What needs to be done is for the administration to put on the table a plan for turning responsibility for Iraq over to international authority -- the United Nations or a regional body -- as soon as possible, accompanied by a schedule to return governance of Iraq to Iraqis as soon as possible.

If the United Nations won't accept responsibility for Iraq without being given authority, then the White House must begin the transition to handing over authority. If the rest of the world doesn't want to pick up responsibility for rebuilding the war-torn country while American companies enjoy all the big contracts, then the Bush administration should be willing to break the hearts of Halliburton, Bechtel, J.P. Morgan Chase and other recipients by sharing the largesse.
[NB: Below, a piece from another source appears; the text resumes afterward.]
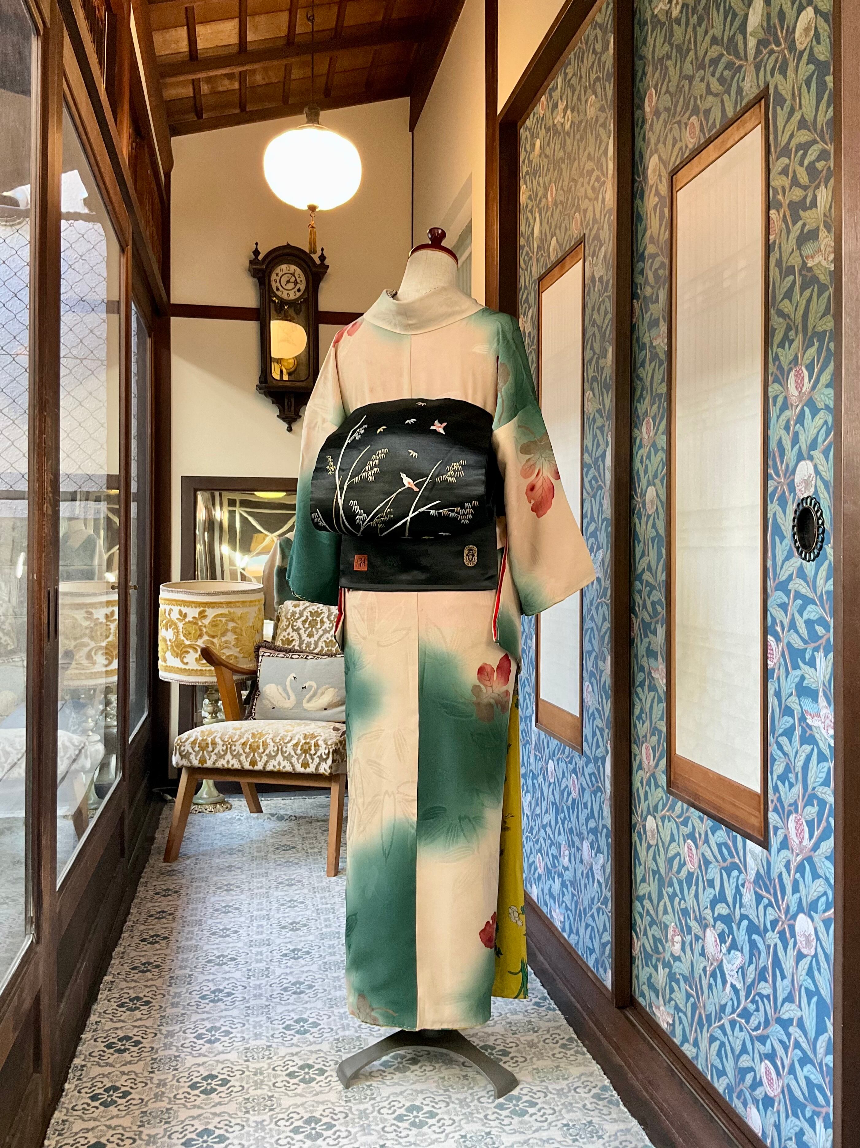 ○合わせたアンティーク着物、オリジナル帯揚げライムグリーン、オリジナル三分紐 リバーシブルライン プラム×ミントもweb shop掲載品です♪

There's another barrier to setting a timetable for getting America out of this mess. The Bush administration seems to believe that to do so is to admit that it made a mistake in getting the United States into Iraq in the first place, and that it would thus risk paying a price at the ballot box for a change of course.

In that political context, it is worth recalling another president from Texas, this time a Democrat named Lyndon Johnson, who, faced with mounting opposition to the Vietnam War, decided not to seek re-election in 1968 so that he could concentrate on finding peace in Southeast Asia.

Pride and politics are no good reasons for the United States to resist taking the appropriate steps to map out and present the endgame for the Iraq war and occupation, and in the process, set an end date to the painful flow of lives and money that, by the day, Americans find more difficult to justify.